Taken from Turgenev’s novel – regarded as one of the great classics of 19th century literature – Friel first `adapted’ the novel for the stage as far back as the late 1980s, a golden period for him when he also produced three of his finest works, Aristocrats, The Faith Healer and Translations (my all-time favourite).

I love early Friel. Yet Father and Sons, in Lyndsey Turner’s current revival, seems to sit uncomfortably betwixt and between, neither compelling social or personal or political drama. Nor as in Translations, a vibrant metaphor of colonialism.

In reshaping Fathers and Sons, Friel evidently felt a strong kinship with Turgenev writing about the seismic changes under way with the Russian emancipation of the Serfs and Ireland’s 1840 Famine and the economic hardships that ensued from that. Yet as followed here, it’s not so much the working poor that Friel/Turgenev seems concerned with as exploring ideas behind revolution, philosophies propagating change. And households in transition.

Two sons return to their respective parents, both graduates fired by revolutionary zeal. But Arkady (Joshua James) displays a more liberal attitude whilst his friend, Bazarov (played by American actor Seth Numerich) shuns such bourgeois affectations as romantic love or attachment and as a full blown nihilist, demands the sweeping away of everything, a total rebirth.

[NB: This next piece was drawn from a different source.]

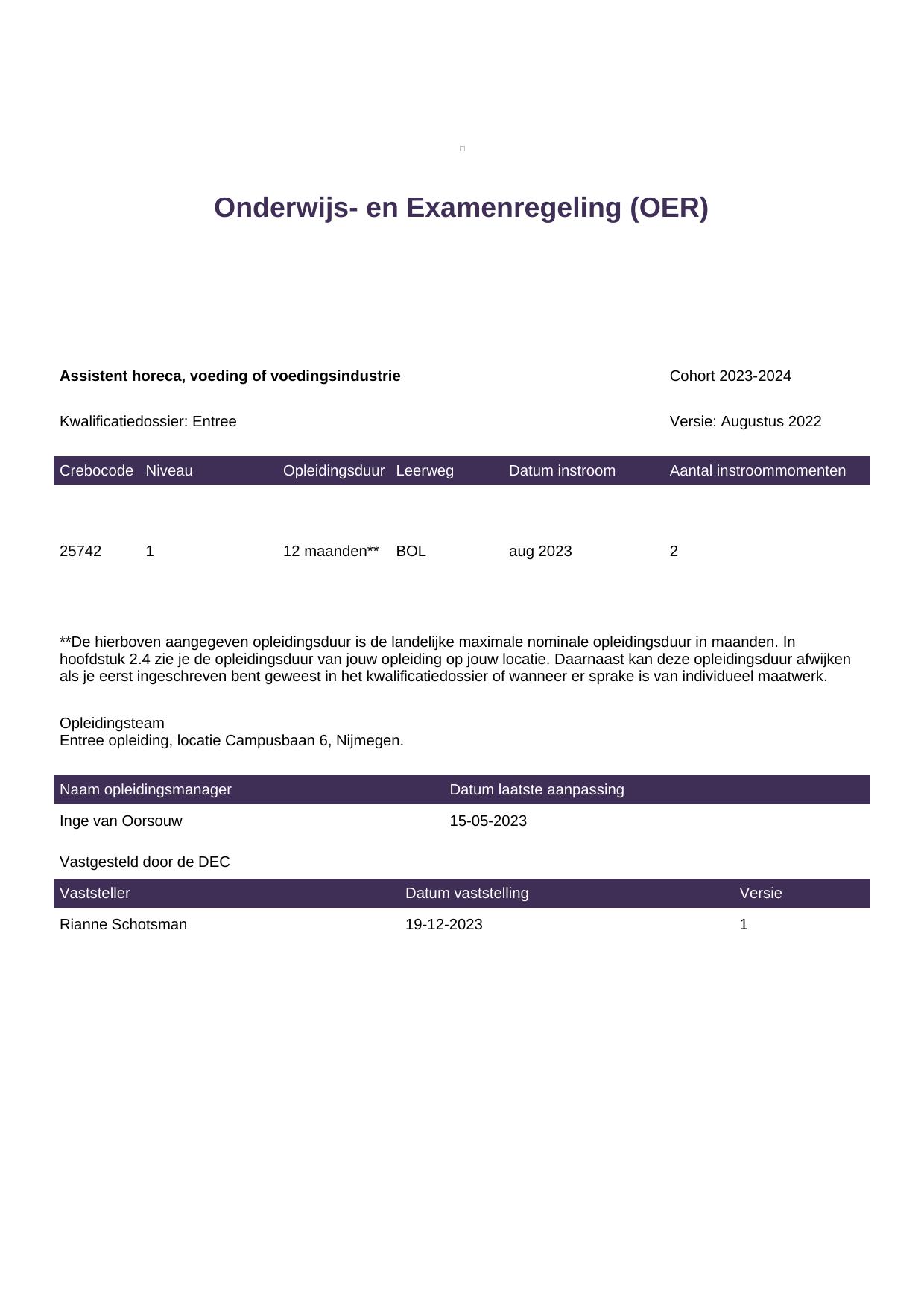 Assistent horeca, voeding of voedingsindustrie 25742BOL-NYM in cohort 2023-2024

Some of this might have had real resonance in the turbulent times – here and in Northern Ireland – in the 1980s. But it’s hard to find the production’s core meaning for today for all of Friel and Turgenev’s skill in showing both attitudes becoming compromised when confronted by other human realities. The zealot falls madly in love, despite his political conviction; and Arkady is left ultimately broken-hearted by the loss of his friend, his political resolve hardened by his untimely death from typhus.

In between, as in Chekhov – to which there are inevitable comparisons – there is much toing and froing, expressions of passion unrequited, estates languishing from mis-management and class distinctions between owner and servant. A sense of tragi-comedy increasingly pervades.

But played at break-neck speed, Turner’s production gives little time to nuance or sub-text and ultimately fails to create the kind of hermetic atmosphere so beloved of Chekhov directors that brings disparate personalities not only into sharp focus but makes us care deeply about them.

Without such emotional cement, the play feels diffuse. There is solid work from Anthony Calf as Nikolai, Arkady’s well-meaning if scatty landowning father, Tim McMullan as Pavel, a cantankerous, ex-army officer and dandy, an exemplar of old Russia and Susan Engel as a colourfully batty Princess Olga, smelling cats in every corner and longing to whip everything that moves into shape.

Rob Howells’s set is a marvel of versatility and Russian rural evocation, at once monumental and intimate. But you leave the theatre no clearer as to the director or writer’s intentions. A strange, unsatisfying encounter.